We also meet Woodcock in a more casual personal setting, eating breakfast with his sister and a soon-to-be-discarded lover - as is Reynolds’ wont. His delicate nerves cannot tolerate any disruption to the routinization of a life that has been constructed to enable him to concentrate on his work day and night. At this point we become aware of Reynolds’ deeply emotional ties to his now deceased mother - a woman whose influence and love are critical to the person he has become, as evidenced by secretly sewn messages tucked, into the fabric, never to be unearthed. This form of communication is a life-line to the past and to the future, for Woodcock fervently believes that his mother is eternally watching him - either a curse or a blessing.
Going to his country home to get away from the bustle of London business, Reynolds has breakfast at a country Inn and lays intense eyes and the avidity of his persona on a waitress by the name of Alma (a sturdy peasant-like figure of a woman played by Vicky Krieps) who is bemused by the rapacious breakfast order of a man whose hunger and appetites are laid bare, and is quickly seduced into being a model and “muse” into The House of Woodcock.
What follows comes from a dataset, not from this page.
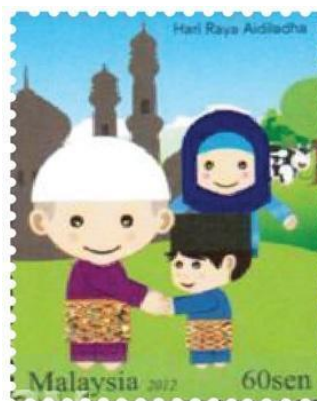
Rajah 5. Setem Aidilfitri 2012

The relationship between Mentor and Muse is explored by the visual treat of watching Alma in varying costumes and partaking in the world of Fashion - a world where the rules and schedules are tight, where the constriction of freedom is heightened by a close up shot of the tightening of a corset - the air slowly becoming more and more restrictive.
Paul Thomas Anderson is exploring the sphere of “genius” with all its attendant myths, poking with a Guignol satiric thrust at the absurdity of the oppressive commercial world that artists can paint themselves into. For some viewers, Alma will seem demonic, but for others she is a release valve to the pressure of cupidity and ego-centrism - perhaps a liberating savior or the mother reborn.Those are the questions this film raises aided by the lingering music of Jonny Greenwood and the director’s sensuous cinematography. Fabric and its accompanying filaments of beautiful fibers intertwine to create a metaphor for the urgency of love and the need to be identified and recognized for the unique entities that we all are.